Little City Roller Derby (LCRD) is a non-profit 501(c)3 women's flat track roller derby league based in Johnson City, Tennessee. The league was founded in 2007 and competes against teams from other leagues. LCRD is a member of the Women's Flat Track Derby Association (WFTDA). The league describes itself as community-focused, striving to be a positive local influence through community outreach and charity donations.

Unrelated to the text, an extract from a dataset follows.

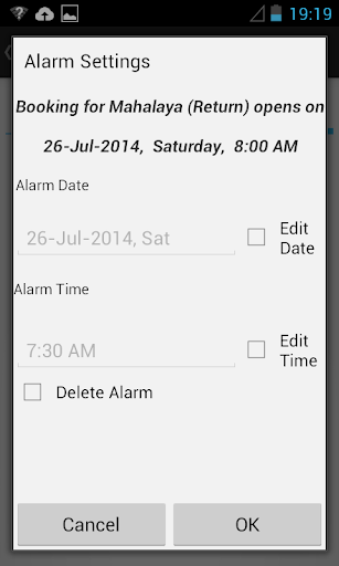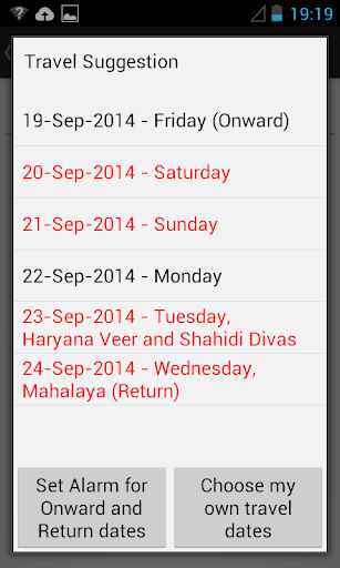 Based on this suggestion, it automatically determines the user's most preferred Onward and Return journey dates and can set alarm for booking the same...

==History and organization==
Founded in August 2007, the LCRD had about twenty skaters by mid-2010. The league has close links with junior roller derby league, The Little City Junior Rollers (ages 11-17) and the Little City Derby Brats (ages 6-11).

LCRD was accepted into the Women's Flat Track Derby Association Apprentice Program in July 2010, and became a full member of the WFTDA in September 2011.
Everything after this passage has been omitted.